Haverá a aplicação de uma prova específica para emitir o certificado no primeiro semestre de 2017: o Exame Nacional para Certificação de Competências de Jovens e Adultos (Encceja). Para participar é preciso ter mais de 18 anos.

Quem fez o Exame em 2016 ainda pode solicitar o certificado em 2017.

 

4. Aumento do valor da taxa de inscrição

A taxa de inscrição para o Enem 2017 é R$82,00. Em 2016, o valor era R$ 68,00.

5. Gratuidade da taxa de inscrição com critérios rígidos

 

Até 2016, a isenção da taxa ocorria com auto-declaração. No mesmo ano, 77% das pessoas inscritas não pagaram a taxa.

A isenção têm critérios mais rígidos a partir do Enem 2017, e explicamos neste outro artigo quem pode consegui-la.

6. Prova e gabarito com nomes impressos

Os nomes de todos os inscritos serão impressos nas provas e gabaritos. A expectativa é que o candidato esteja mais seguro durante a prova e que o resultado do Enem seja mais confiável.

Os candidatos não precisarão preencher a cor da prova no cartão resposta.

 

7. Solicitação de mais tempo de prova para deficientes

Pessoas com deficiência poderão pedir mais tempo de tempo de prova no ato da inscrição. Serão necessários documentos para comprovar a necessidade de tempo extra.

 

8. Enem para treineiros

Os estudantes no 1º e 2 º anos do Ensino Médio poderão fazer o Exame como treineiros. Existe a possibilidade do MEC realizar um simulado nacional no mês julho, de acordo com um comunicado feito em novembro de 2016.

No Geekie Games, você pode se preparar com quatro simulados gratuitos online ao longo do ano. Os simulados podem ser feitos em qualquer data se você é assinante do plano Pro.

 

9. Ausência de ranking com as escolas

A classificação das escolas no Enem não existirá a partir de 2017. De acordo com o MEC, esses resultados foram utilizados para divulgar as instituições de ensino e fazer publicidade, o que não é o propósito do Exame.

 

Entendendo as modificações no Enem 2017

O governo Temer propôs alterações para o Exame com a finalidade de torná-lo um “exame sustentável“, além de mostrar a “preocupação do Inep na modernização do Enem”, segundo a presidente do Inep Maria Inês Fini.

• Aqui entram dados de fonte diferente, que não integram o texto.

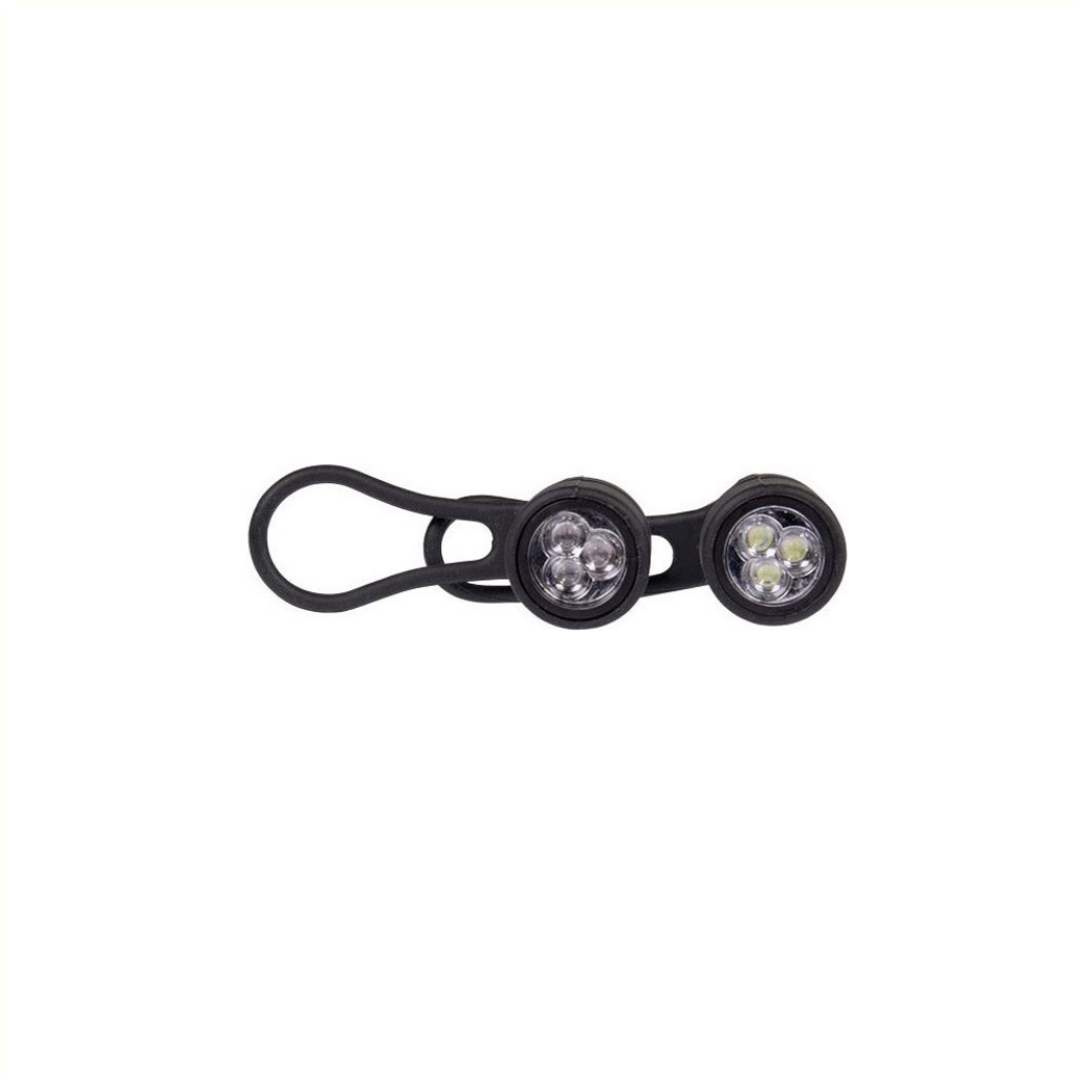 The Simson Battery LED set "Simmy" has a silicone housing and a universal silicone mounting strap for easy use on, for example, the seat post or the handlebars.
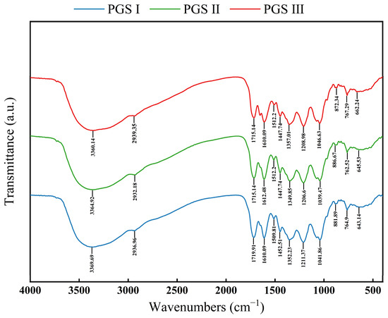 FTIR has been widely used to identify organic groups of plant phenolics in plant extracts, and provide some key information about the chemical valence structure characteristics of bioactive compounds. FTIR can also easily identify the stretching and bending vibrational bands of hydroxyl and carboxyl groups in an extract [64,65]. As shown in Figure 5, phenolic compounds from LSF at three harvest stages exhibit 11 similar characteristic absorption peaks, indicating the similar composition of phenolic components. Previous studies have indicated that the characteristic absorption peak of phenolic compounds in the collected optimum extracts were observed in the range of 3400–3200 cm−1, which were corrected to the combined stretching vibrations of hydroxyl groups [66,67]. The peaks near 2936 cm−1 represented the stretching vibrations of the aromatic C-H in the polyphenols extract [68], and near 1715 cm−1 and 1610 cm−1 for the vibration of the C=O structure and the extension of the benzene ring, respectively [69]. The peaks near 1350 cm−1, 1208 cm−1, and 1040 cm−1 correspond to the folding of -CH groups in the extract, the stretching of amino groups of C-N, and the vibration of C-C, respectively [69,70]. Moreover, the bands ranging from 769 to 659 cm−1 represented the out-of-plane bending vibration of O-H [71]. The present results indicate that the variation characteristics of FT-IR spectroscopy are consistent with the differences in phenolic compounds from LSF at three harvest stages.

O ministro da educação Mendonça Filho realizou uma consulta pública entre 18 de janeiro e 17 de fevereiro de 2017 para decidir as mudanças no Enem.

O Ministério da Educação (MEC) considerou a possibilidade de fazer uma prova única, via computador e sem redação para o Enem, o que reduziria os custos de produção, aplicação e correção da prova.

As alterações no Enem foram realizadas de acordo com os resultados desta pesquisa.

Nos últimos anos, a taxa de abstenção na prova do Enem chegou a 30%. A fim de reduzir esse número em 2016, os inscritos que tiveram isenção da taxa de inscrição em 2015 e não compareceram em algum dos dias de prova perderam a gratuidade no Enem do próximo ano. Porém, a porcentagem de abstenções foi ainda maior em 2016, e em 2017 a isenção se torna mais criteriosa.

Existem candidatos que realizam a prova do Enem cerca de oito vezes, e o governo quis conter eventuais desperdícios com o custo destas provas. A intenção é reduzir os gastos da prova restringindo o número de inscritos.

Com a reforma no Ensino Médio, o Inep ainda fará outras alterações para o Enem ao longo dos próximos anos, a fim de se adequar à BNCC (Base Nacional Curricular Comum).

 

Leia também: Como funciona o Enem | Para o que serve a nota do Enem | Como acessar o resultado do Enem

 

A Reforma no Ensino Médio e o impacto no Enem 2019

De acordo com Camila Karino, Diretora de Avaliação na Geekie, que atuou como Coordenadora Geral de Instrumentos e Medidas do Inep, órgão responsável pela elaboração do Enem:
A reforma no Ensino Médio indica que ele será dividido em uma parte comum e uma parte específica. A parte comum será definida pela BNCC.
Assim, o Enem e os demais exames seletivos tem que se ater à parte comum e ao que está definido na BNCC. Estas alterações deverão acontecer a partir de 2019.
A reforma no Ensino Médio não dispõe sobre o formato ou modelo do Enem. Essas definições são feitas pelo Inep.